The Rauschenberg Foundation reported more than $657 million in total assets for 2022, making it among the largest such artist foundations in the country, said Christine J. Vincent, the managing director of the Aspen Institute’s Artist Endowed Foundations Initiative.

Those substantial resources appealed to Martin. “Funding in the arts has dwindled,” she said in an interview. “But so many things need attention. The potential for this foundation to change arts philanthropy is limitless.”

Martin succeeds Kathy Halbreich, who stepped down from the executive director role last year, after serving almost six years in the job; Halbreich, who had been associate director of the Museum of Modern Art, has been a consulting adviser since she left.

“I wasn’t looking in any way,” Martin said of the job offer. “But this is a once-in-a-career kind of opportunity.” Before her current Yale job, which she began in 2019, Martin served as chief curator and deputy director of the Dia Art Foundation.

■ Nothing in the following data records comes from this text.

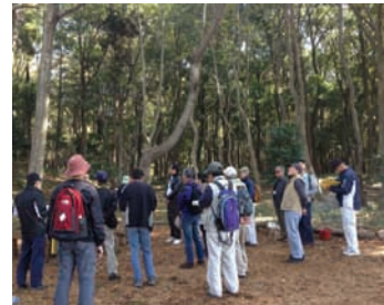
◆里山ボランティア入門講座

発行：柏市 編集：柏市 環境部 環境政策課 所在地：柏5丁目10番1号 電話：04-7167-1695 ファクス：04-7163-3728 URL：http://www.city.kashiwa.lg.jp
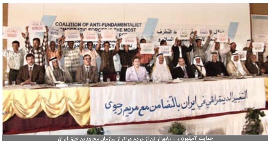
حمایت ۲ میلیون و ۸۰۰ هزار تن از مردم عراق از سازمان مجاهدین خلق ایران
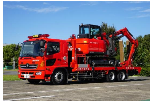
CCBY4.0 by 川崎市

Rauschenberg (1925-2008) was one of the most influential artists of his era, perhaps best known for his “Combines,” a hybrid of painting and sculptures, and for his performance-based work with collaborators such as choreographer Merce Cunningham and composer John Cage.

The artist established his foundation in 1990, and it assumed its current structure a few years after his death.

Based in New York and on the island of Captiva, Florida, the foundation normally maintains a residency program for some 70 artists a year, largely on Captiva, with a smaller number using its New York archives.

The Captiva residency was shuttered during the coronavirus pandemic, and then Hurricane Ian in 2022 damaged the large compound where it takes place, which includes Rauschenberg’s former home and studio. Straus said it was expected to reopen this summer.

“We took advantage of this time to do some needed renovations and climate-proof it for future storms,” Straus said.

The foundation also makes grants to arts and social justice organizations, produces the ongoing catalogue raisonné of Rauschenberg’s work and maintains its extensive holdings of his art, lending to museum shows. It periodically sells works to fund its operations.

Martin’s tenure at the Yale Center for British Art, which has a budget that ranges from $25 million to $30 million a year, included establishing a residency, the Henry Moore Foundation Artist in Residence program, which goes to a Yale School of Art student.

The Rauschenberg residency, which is sought after by artists, has one facet that Martin particularly endorsed.

“I like that for many years it has invited people to come with their whole families, and many residencies don’t,” Martin said. “It opens up the conversation about who can be an artist. That’s about equity.”

At Yale, Martin put on shows of work by Bridget Riley, Marc Quinn and Njideka Akunyili Crosby, among others.

“I’m excited by the fact that I will be talking to artists all the time,” she said of the foundation position. “Every job I’ve ever had has been about finding ways to be closer to artists.”